Exercise data ::
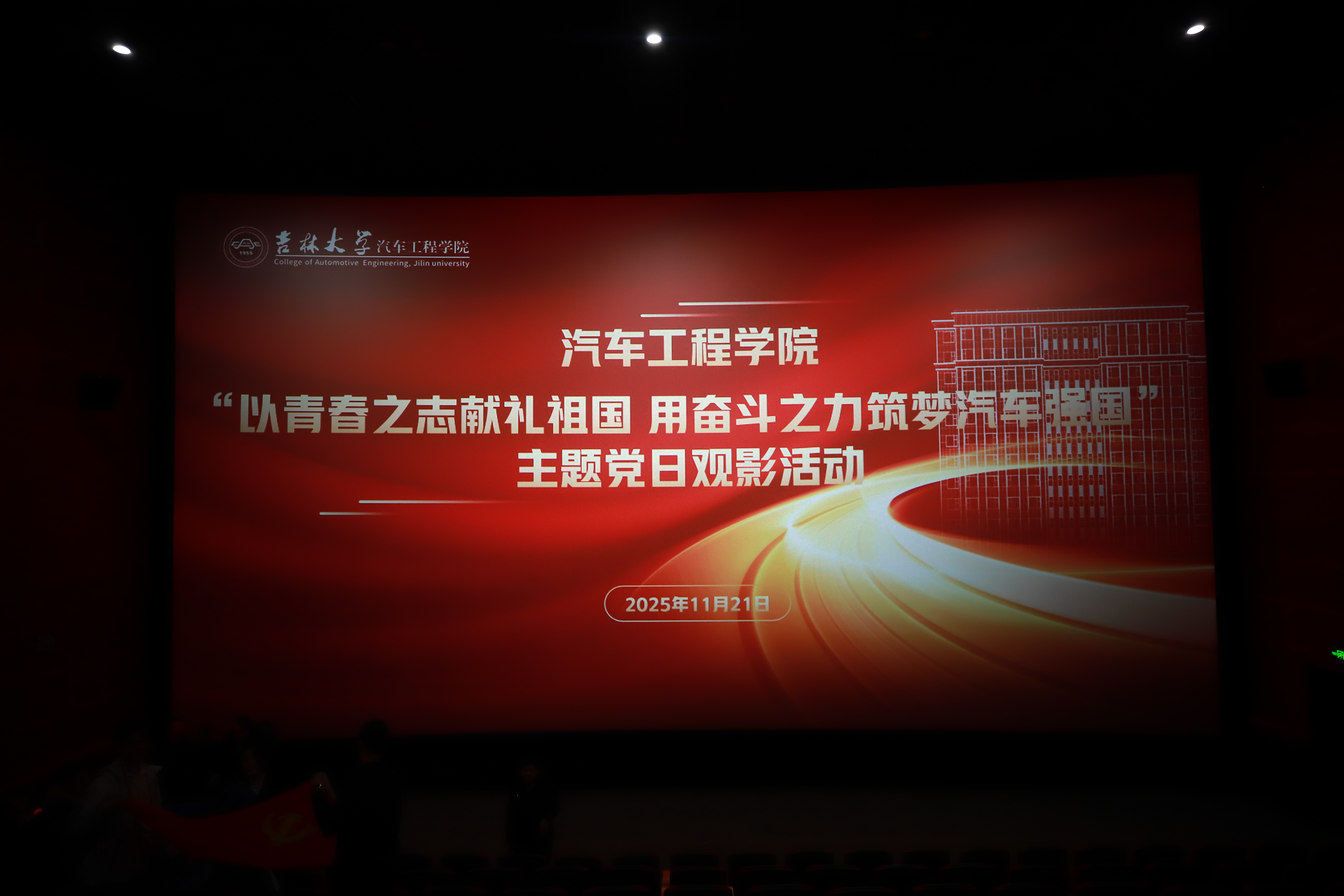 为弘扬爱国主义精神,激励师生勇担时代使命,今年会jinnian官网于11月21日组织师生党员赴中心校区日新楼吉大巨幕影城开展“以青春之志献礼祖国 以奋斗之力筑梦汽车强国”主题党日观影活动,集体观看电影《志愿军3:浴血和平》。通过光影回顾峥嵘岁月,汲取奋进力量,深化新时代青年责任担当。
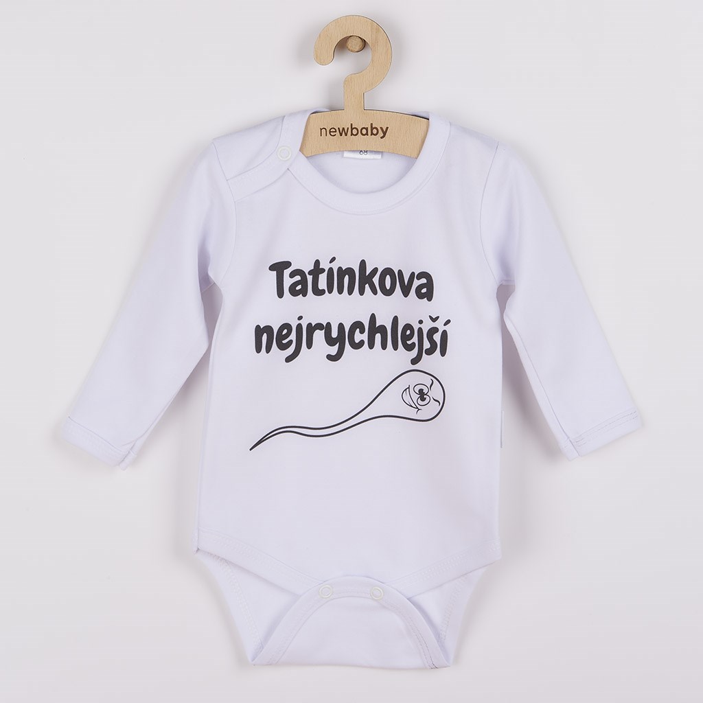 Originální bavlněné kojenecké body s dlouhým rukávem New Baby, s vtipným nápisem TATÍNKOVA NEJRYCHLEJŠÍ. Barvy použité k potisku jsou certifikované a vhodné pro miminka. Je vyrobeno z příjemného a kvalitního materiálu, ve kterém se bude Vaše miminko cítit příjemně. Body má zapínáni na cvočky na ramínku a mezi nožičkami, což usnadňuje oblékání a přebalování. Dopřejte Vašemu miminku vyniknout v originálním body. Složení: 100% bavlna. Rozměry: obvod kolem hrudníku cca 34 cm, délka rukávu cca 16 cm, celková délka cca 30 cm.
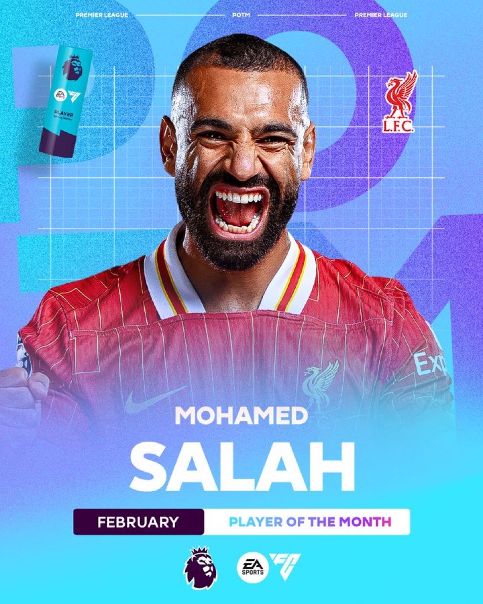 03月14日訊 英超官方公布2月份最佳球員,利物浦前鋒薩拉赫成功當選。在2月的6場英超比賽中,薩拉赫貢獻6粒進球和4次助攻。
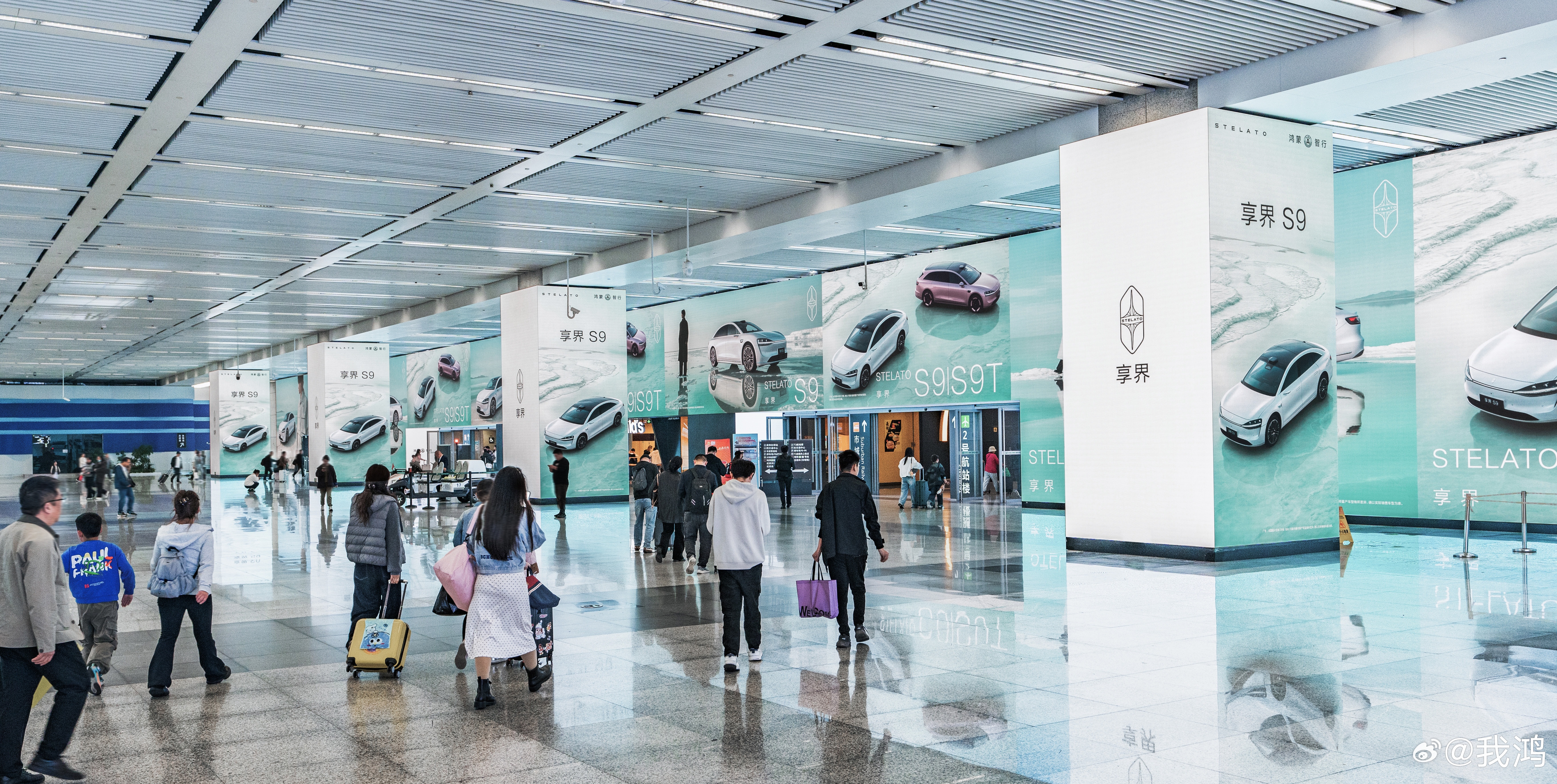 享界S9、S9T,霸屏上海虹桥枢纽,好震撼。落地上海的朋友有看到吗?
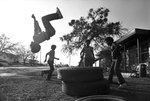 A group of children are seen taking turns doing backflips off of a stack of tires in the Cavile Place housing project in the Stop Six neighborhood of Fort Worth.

Goal of the exercise ::
Once the pictures are set aside, what is needed is the lines from the line with "03月14日訊 英超官方公布" through the end of the data, written out exactly and alone.

Exercise answer ::
 03月14日訊 英超官方公布2月份最佳球員,利物浦前鋒薩拉赫成功當選。在2月的6場英超比賽中,薩拉赫貢獻6粒進球和4次助攻。
 享界S9、S9T,霸屏上海虹桥枢纽,好震撼。落地上海的朋友有看到吗?
 A group of children are seen taking turns doing backflips off of a stack of tires in the Cavile Place housing project in the Stop Six neighborhood of Fort Worth.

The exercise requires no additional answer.